In Bill’s Blog, I hope to tell the tale of this conversion–this secular “redemption”–by way of examples from my own experience–focused on the Inherited Heart: An American Memoir, but also other books I’ve published and music I’ve made (the discovery of the joys of YouTube for one!). The journey from skepticism and concern that I might get gorged by an information glut (an infusion of “infotoxins”) to solid belief in the benefits of a revolutionary “State of the Art” approach (with its nutritional value: a healthy new means of getting “word out”) has truly been a “trip” –and discovering what’s available today has turned out to be an adventure, in and of itself!
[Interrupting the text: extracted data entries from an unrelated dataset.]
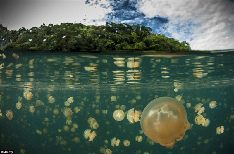 Der Lake Jellyfish ist ein mariner See im südpazifischen Inselstaat Palau. Die rosa- und purpurfarbenen Quallen darin sind die weltweit einzigen bekannten ungiftigen Quallen. Grund dafür ist das einstmalige Aussterben von anderen Meerestieren und –pflanzen im See. Ohne natürliche Feinde gibt es für die Quallen keinen Grund, selbst giftig zu sein.
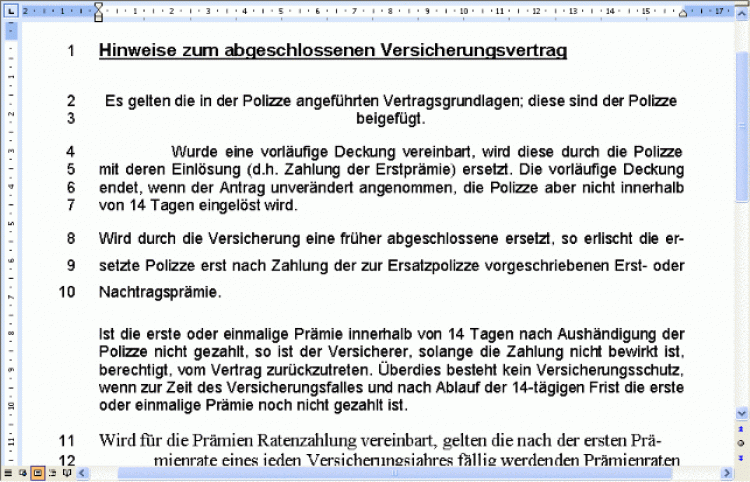 Unterdrücken Sie beim vierten Absatz die Zeilennummern.
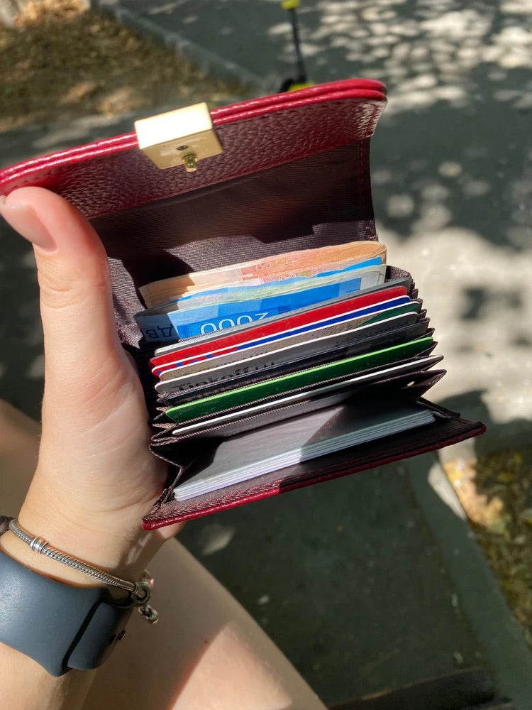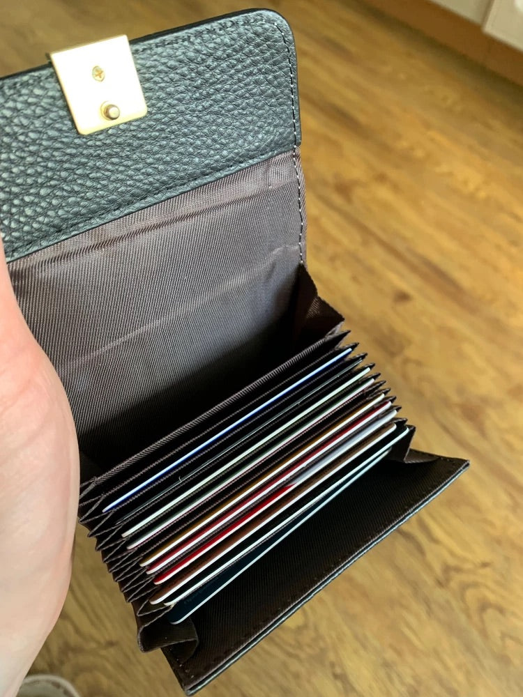 Il suo design a fisarmonica consente di riporre facilmente fino a 12 carte senza sovrapporle. Due scomparti aggiuntivi accolgono banconote piegate. Questo modello non dispone di tasca portamonete per mantenere un formato ultra sottile.

I’d like to close out this portion of “About” with a coda referring to the panoramic photograph that tops Bill’s Blog. When my wife Betty and I started what’s now been a fifty-six year marriage, we were twenty-one and lived for a summer in The Garden of Eden, in what I call a “shack” and she calls a “cabin” on an open spot on the Wailua River in Kauai. We were surrounded by mangos, papaya, bananas, with crayfish in the river, subsistent no electricity living, but “city kids,” we didn’t really have a clue as to what to do with it all. While my beautiful young wife scythed down grass in front of our shack/cabin, I sat under a lenai and wrote stories about having been beat up in the subways of Brooklyn! The photo shows the bend in the river (on the left) where we lived, half a mile up from the Pacific Ocean, which we reached by canoe. And yes, the photo does do full justice to the sunrise, the landscape, and the river–that timeless adventure!